## What to work on
Could you please retype exactly the lines from the start of the records below through the line that contains "De huizenprijs stijgt", both included, and leave out the pictures?

## Data provided
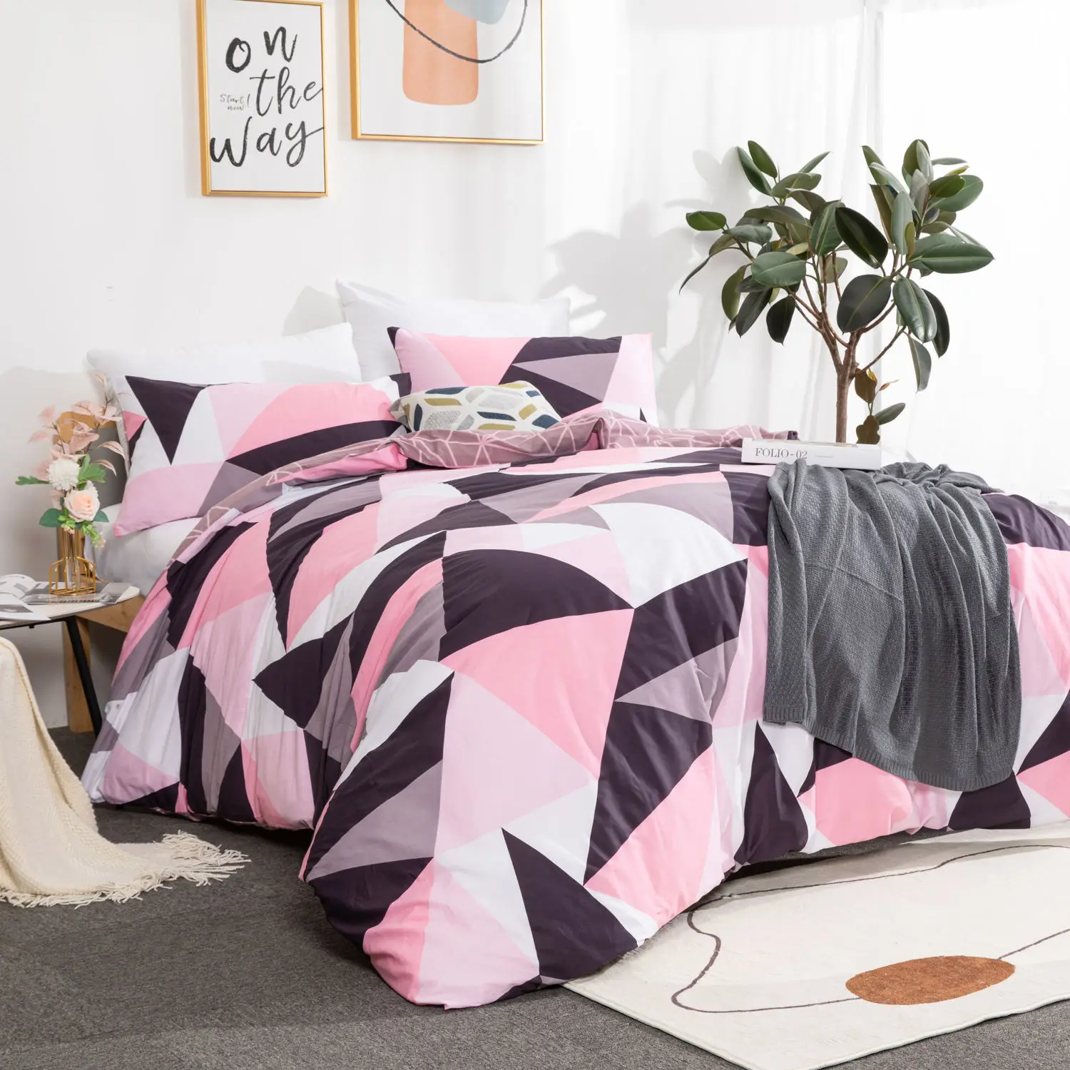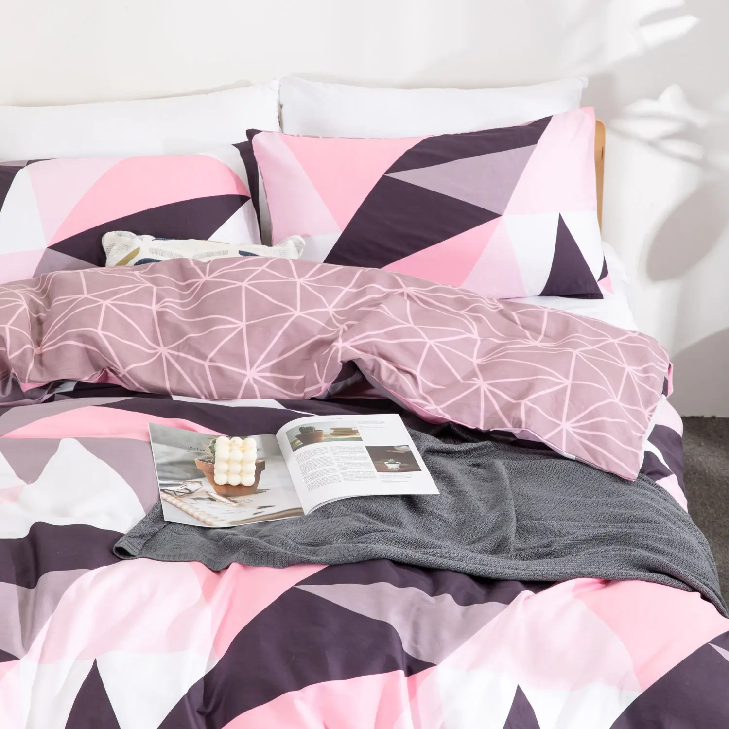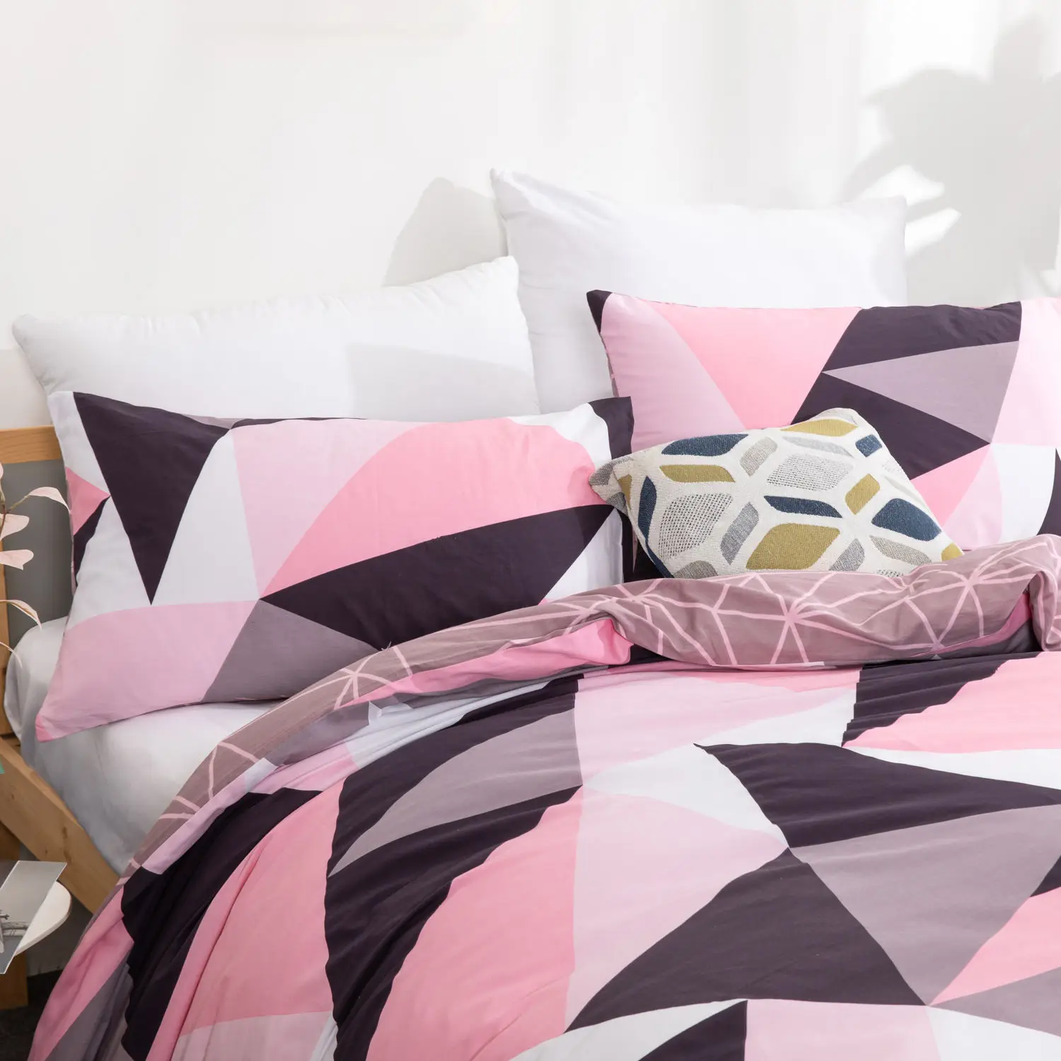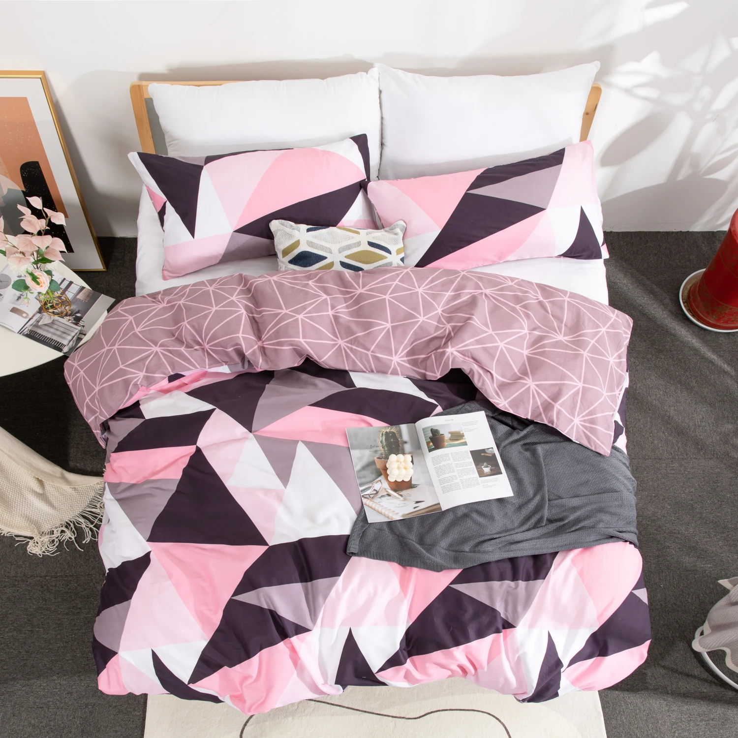 Modern Simple Style Geometry Pattern 100% Cotton Duvet Cover Bedding Set With Button Closure
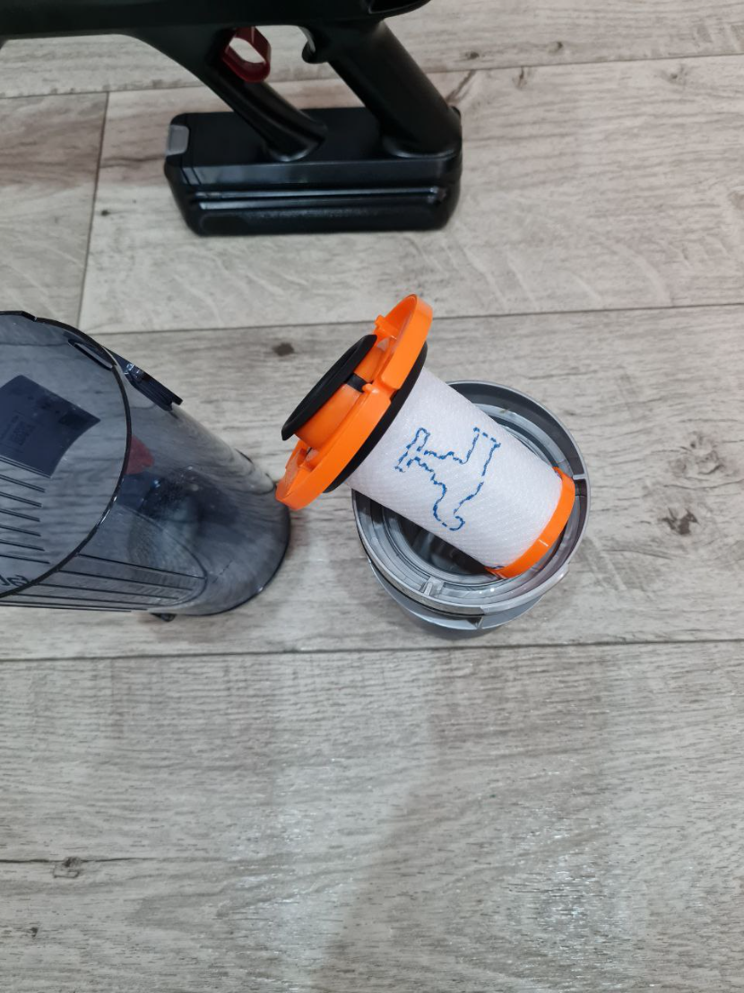 Контейнер небольшой, но при ежедневной уборке наполняется долго. Прочищается очень легко. Тянешь за кнопку и мусор высыпается, также при помощи кнопки снимается контейнер. Всё просто, потому как есть указатели. Наглядно всё понятно, куда потянуть, куда нажать.
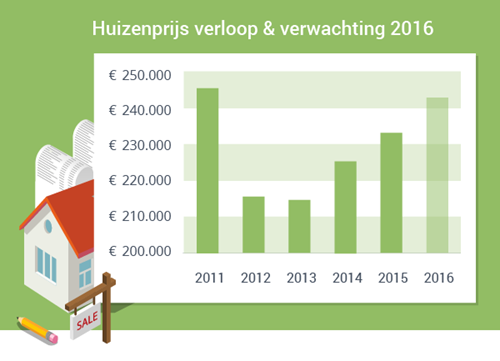 De huizenprijs stijgt door. Het aantal verkopen stijgt al sinds het voorjaar van 2013 terwijl de échte prijsstijging pas in de winter erna inzette. Die prijsstijging gaat een inhaalslag maken. Onze verwachting voor 2016 is dat de huizenprijzen met minimaal 4% zullen stijgen.
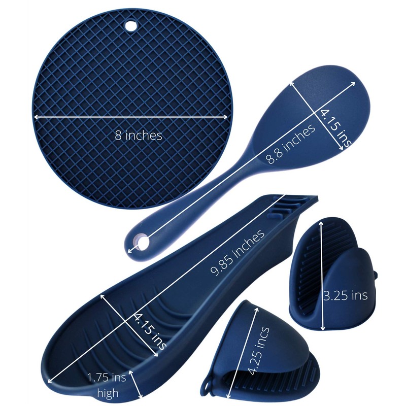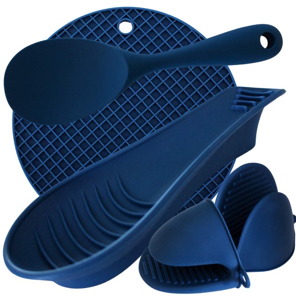 - Spoon Rest Set Including Rice Paddle – Silicone Spoon Rest, Trivet, Oven Mitts 5 Piece Set - Spoon Rest for Kitchen Counter, Spoon Rest for Stove Top or Utensil Rest
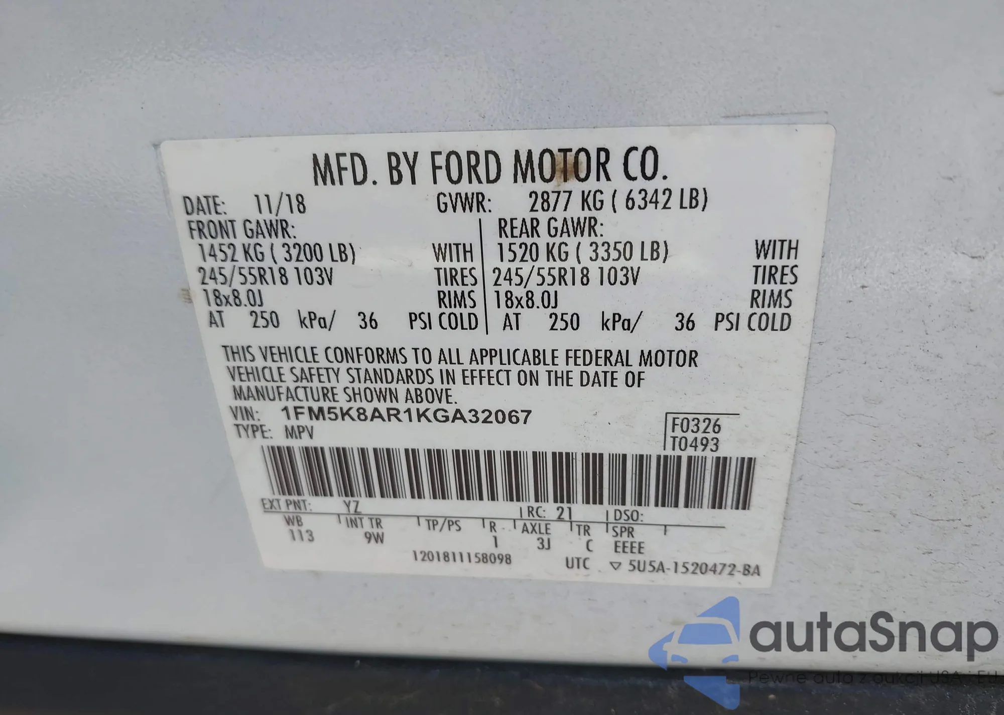 VIN: 1FM5K8AR1KGA32067

## Result below
 Modern Simple Style Geometry Pattern 100% Cotton Duvet Cover Bedding Set With Button Closure
 Контейнер небольшой, но при ежедневной уборке наполняется долго. Прочищается очень легко. Тянешь за кнопку и мусор высыпается, также при помощи кнопки снимается контейнер. Всё просто, потому как есть указатели. Наглядно всё понятно, куда потянуть, куда нажать.
 De huizenprijs stijgt door. Het aantal verkopen stijgt al sinds het voorjaar van 2013 terwijl de échte prijsstijging pas in de winter erna inzette. Die prijsstijging gaat een inhaalslag maken. Onze verwachting voor 2016 is dat de huizenprijzen met minimaal 4% zullen stijgen.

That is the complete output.